Starting as a niche movement with a small group of devoted fans, grunge music began to rapidly gain nationwide popularity, a commercialization of the genre that went against it’s very ethos, which predicated itself on the underground, being un-fashion and expressing some of the unfavorable realities of life. Once a distant escape from the popular musical genres of the time, grunge was becoming more and more like the genres that it seemed so different from beforehand. Much of this growing popularity was bolstered by grunge’s most prominent figure, Kurt Cobain, the lead singer of the band Nirvana. Grungemania, as it is commonly referred to as, soon became too big for itself and especially for its superstar Cobain. Ultimately, it was this commercialization that damaged grunge rocks reputation and began the downturn of the genre, especially after Cobain’s death in 1994, because it went against how it all started.

"Threadbare flannel shirts, knobby wool sweaters and cracked leatherette coats of the Pacific Northwest thrift-stop esthetic." Rick Marin, The New York Times

"Writing good songs, that's all we want.

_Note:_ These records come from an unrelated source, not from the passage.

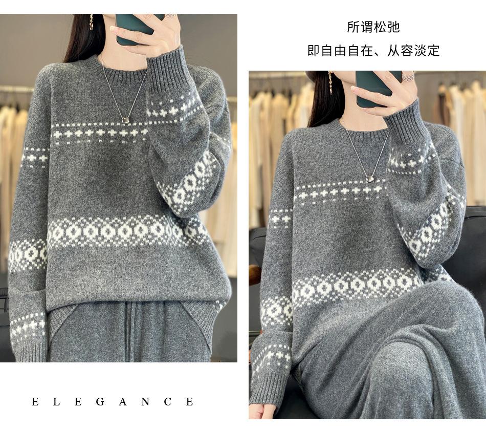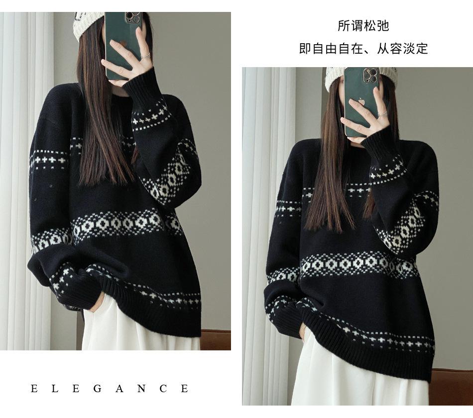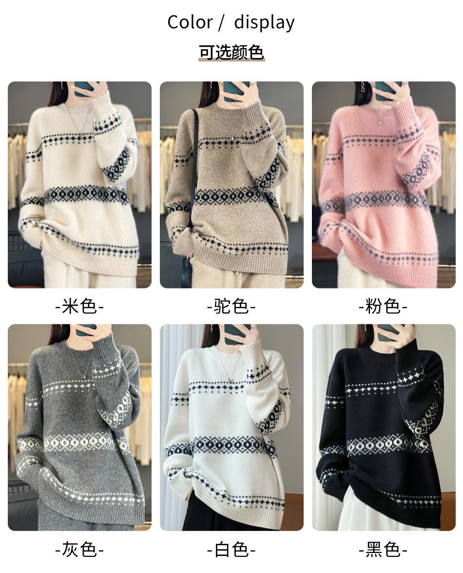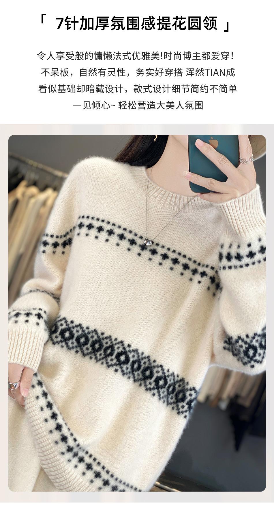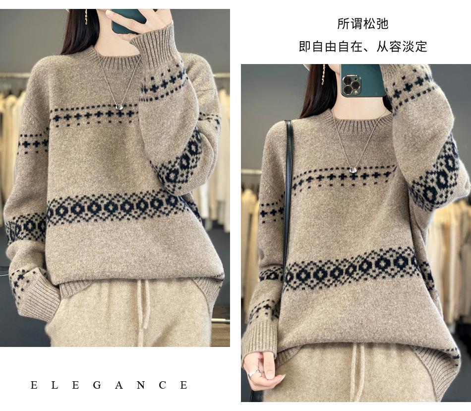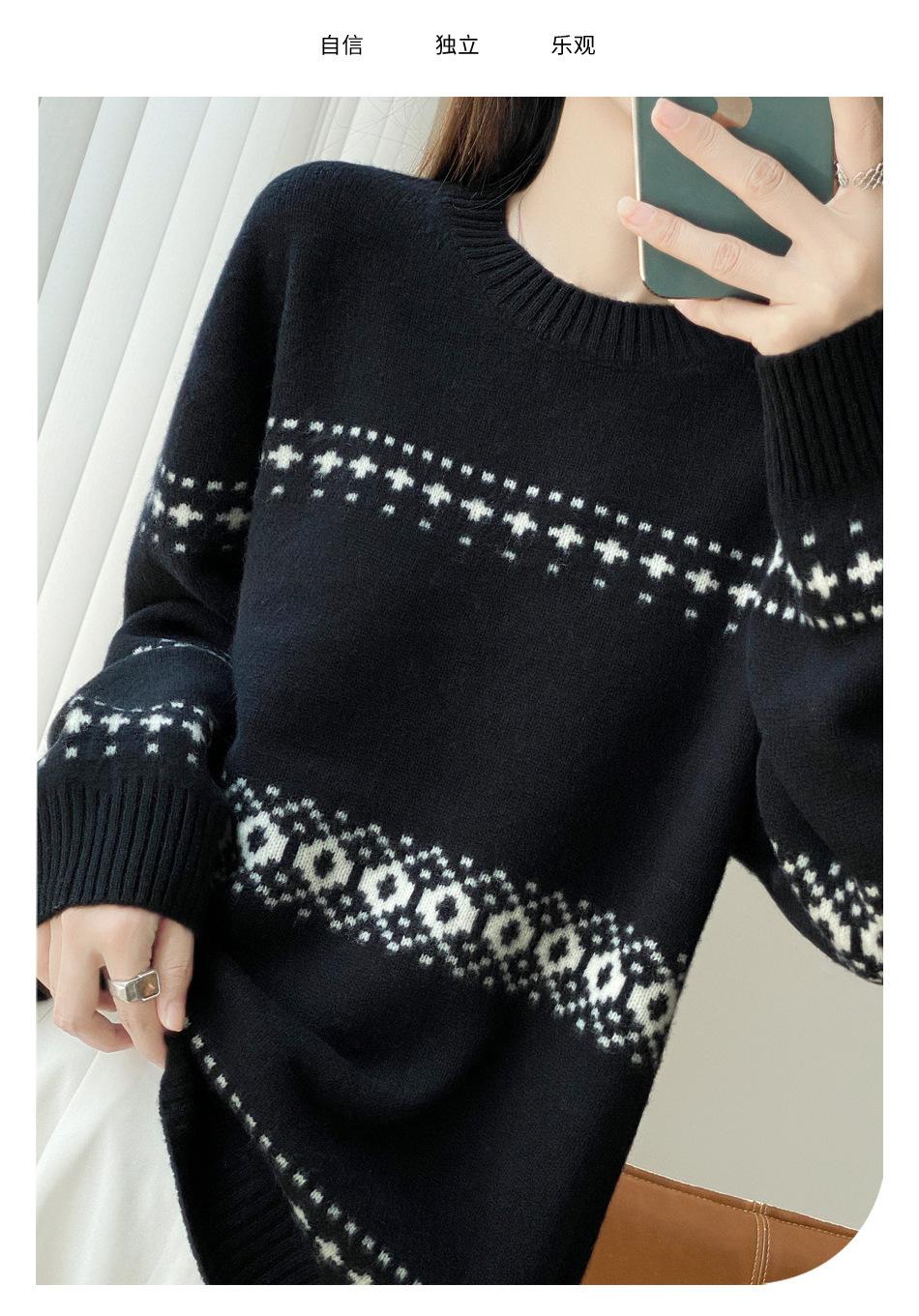 Suéter de Nuevo Estilo Otoño/Invierno 2025 100% Lana para Mujer Holgado Cuello Redondo Vintage Grueso Jersey Básico de Punto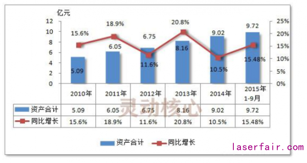 2015年1-9月,我國光纖激光器行業資產合計達到了9.72億元,同比增長了15.5%。2014年,我國光纖激光器行業資產合計達到了9.02億元,同比增長了10.5%。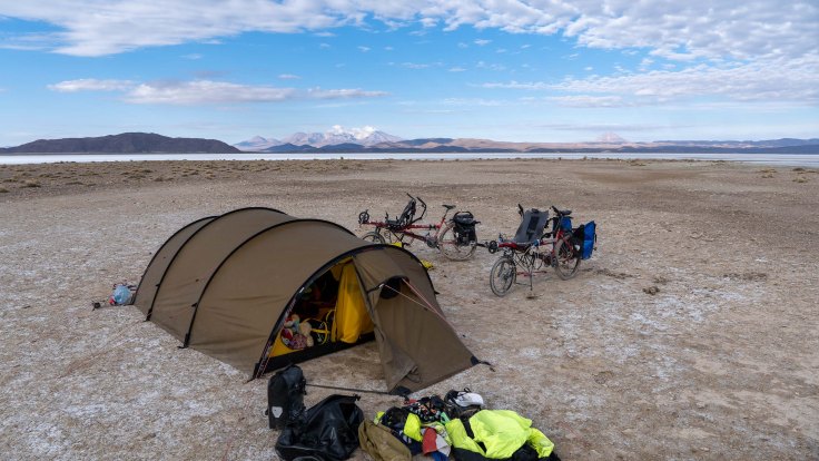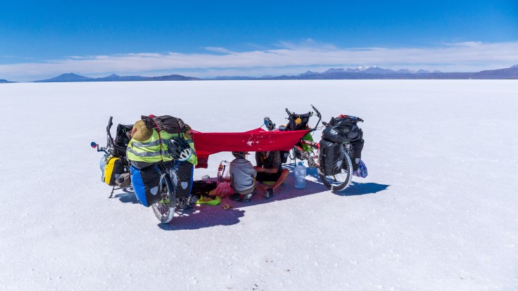 Et comme à son habitude, la famille s’agite dans tous les sens (enfin que 2 spécimens), de chaque côté de la tente aux 2 entrées, sur les vélos, à l’intérieur aussi, sous les vélos pour la vaisselle. Et les enfants, placides, tranquilles, vont finir leur repas sur les rochers de notre île, en tongs avec le soleil et le vent. Il est 8h20 lorsque nous laissons notre havre de la nuit pour traverser la mer de sel, blanche, immaculée, silencieuse.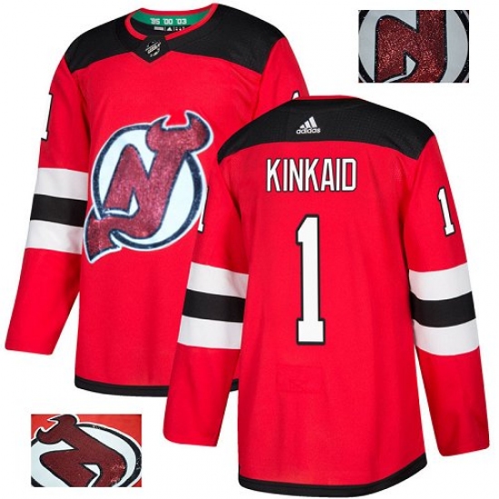 Men's Adidas New Jersey Devils #1 Keith Kinkaid Authentic Red Fashion Gold NHL Jersey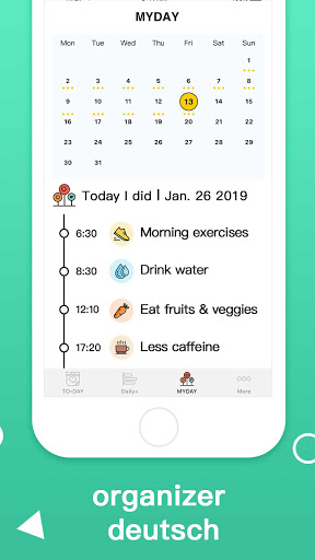 * Die einfache und schöne Oberfläche hilft Ihnen dabei, eine benutzerdefinierte Aufgabenliste zu erstellen, die auf Ihren tatsächlich vordefinierten Gewohnheiten basiert.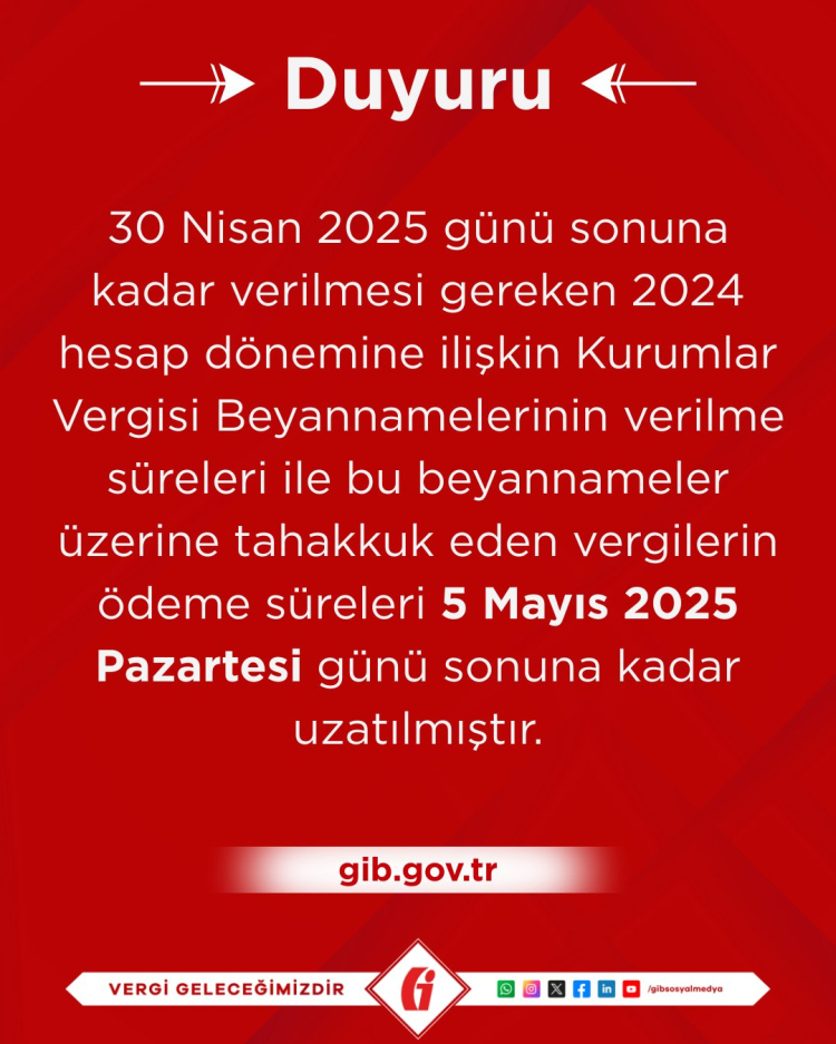 Gelir İdaresi Başkanlığı'ndan yapılan açıklamaya göre, Kurumlar Vergisi beyannamelerinin verilme ve tahakkuk eden vergilerin ödeme süreleri, 30 Nisan 2025’ten 5 Mayıs 2025 Pazartesi günü sonuna kadar uzatıldı.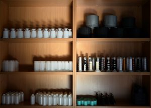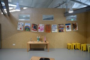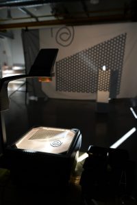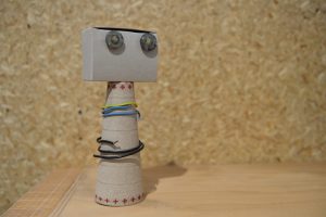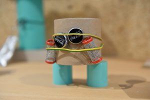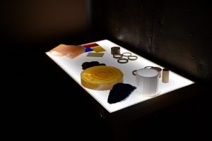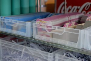 Hinter den Regalen liegt eine kleine Ausstellungsfläche. Hier zeigt Lynn Schammel, wie man die polierten Abfälle auf vielfältige Weise einsetzen oder mittels Lichtinstallationen in Szene setzen kann. Sie hat Design studiert und leitet den Materialbereich. Im «Labo» bietet sie zusammen mit ihren Kollegen Workshops für Kinder an, bei denen sie zeigt, wie man zum Beispiel ganz ohne Kleber mit Abfallmaterialien basteln kann.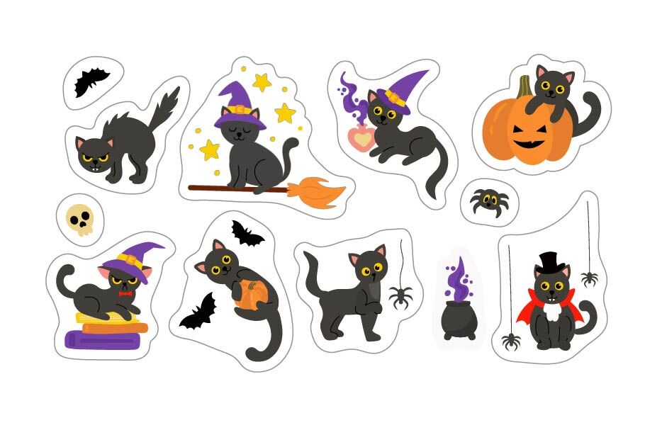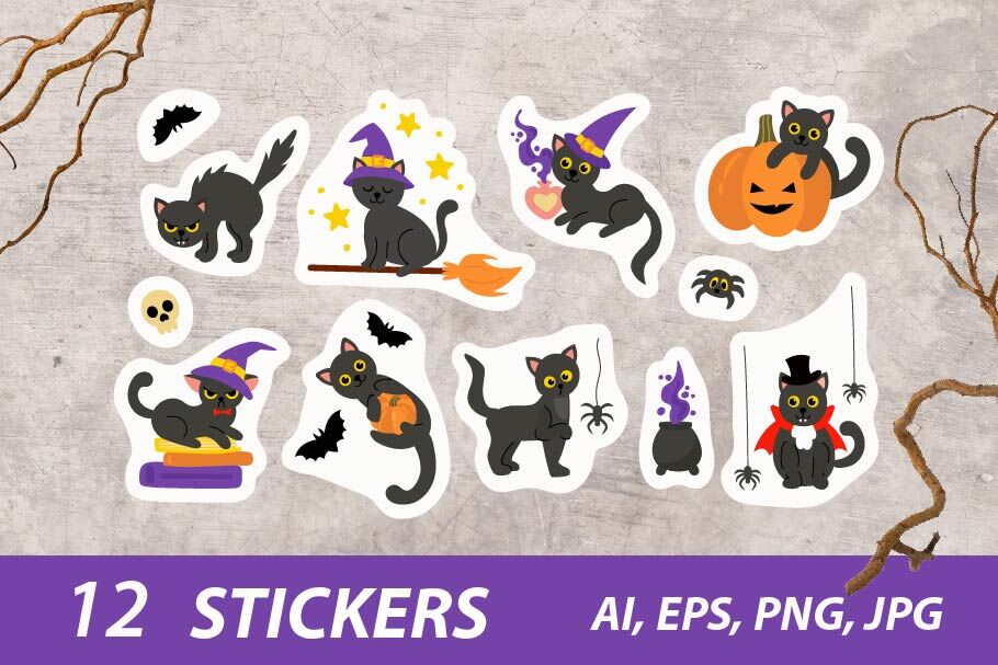 I am pleased to present you my collection. This collection: Halloween cats  stickers, includes 6 stickers are perfect for your planner, laptop stickers, scrapbooking, card making, decoration and many more projects. You will receive: 1.  Folder CRICUT_SILHOUETTE - Included ready to print 2 files PNG/JPG with all stickers and 1 PNG file with silhouettes for Silhouette Studio 2.  Folder HAND CUT - Included ready to print 2 files PNG/JPG, all stickers with hand cut lines 3.  Folder INDIVIDUALLY - including all 12 stickers individually PNG/JPG (files with transparent background 300 dpi) 4.  Folder VECTOR - Included 1 EPS and 1 AI files. Easy to edit and resize ** This is a digital file and no physical item will be shipped ** Thanks for stopping by!

If we get popular or not it doesn't matter. It's about the music..." - Kurt Cobain, Nirvana

The Sound of Grunge

Grunge adopted its guitar sounds and vocals from a combination of other rock genres that preceded it such as punk, heavy metal and hardcore rock. By picking up on bits and pieces of each of these genres, grunge was able to create its own, unique sound as well as attitude. As a result, grunge is known for its distorted guitar sounds, powerful vocals, and uneasy lyrics. These elements together formed more of an alternative musical category that would ultimately flourish in the city of Seattle.

The Look of Grunge

Grunge also developed a distinct “look” unintentionally. The grunge style, which included ripped jeans, flannels, and greasy long hair, was appealing to its fans because it was inexpensive, blue collar and grimy. It is no wonder why it attracted so many followers. Original grunge bands and their fans couldn’t afford to buy anything else! Grunge was unfashionable not anti-fashionable because the bands did not intend on making any sort of statement with how they dressed, but simply it was cheaper.

Seattle: The City of Grunge

Grunge arose in the city of Seattle, which was not traditionally known as a center for music. Grunge became a localized movement within Seattle and there was a level of connectivity between band and audience like no other. In cities like Los Angeles, it was unlikely that a fan would walk the streets with a superstar like Michael Jackson or Madonna. However, in Seattle, it wasn’t very out of the ordinary to see a member of your favorite band like Mark Arm or Steve Turner of Mudhoney while on your way to the grocery store. Unlike hip hop, pop or even other forms of rock, one could not go to any city in the country to listen to grunge, but rather Seattle was the only location for grunge in 1985.

"The Underground"

Grunge was consistently associated with the underground and the garage perhaps because indoor spaces allowed these bands to play their loud and grungy style of music. But also the cities weather confined them to garages and smaller underground venues. It was this underground where grunge bands would find their beginning, but before long this music scene would branch much further out into the mainstream.

The Commercialization of Grunge

Soon grunge was beginning to move away from being a localize movement and more towards the mainstream. The record label SubPop, which had signed Soundgarden, Mudhoney and Nirvana by 1988, gives us an indication of when grunge started expanding outside of the unusual city it was born in. The very ethos that made grunge what it was years earlier was now beginning to change with this growing popularity.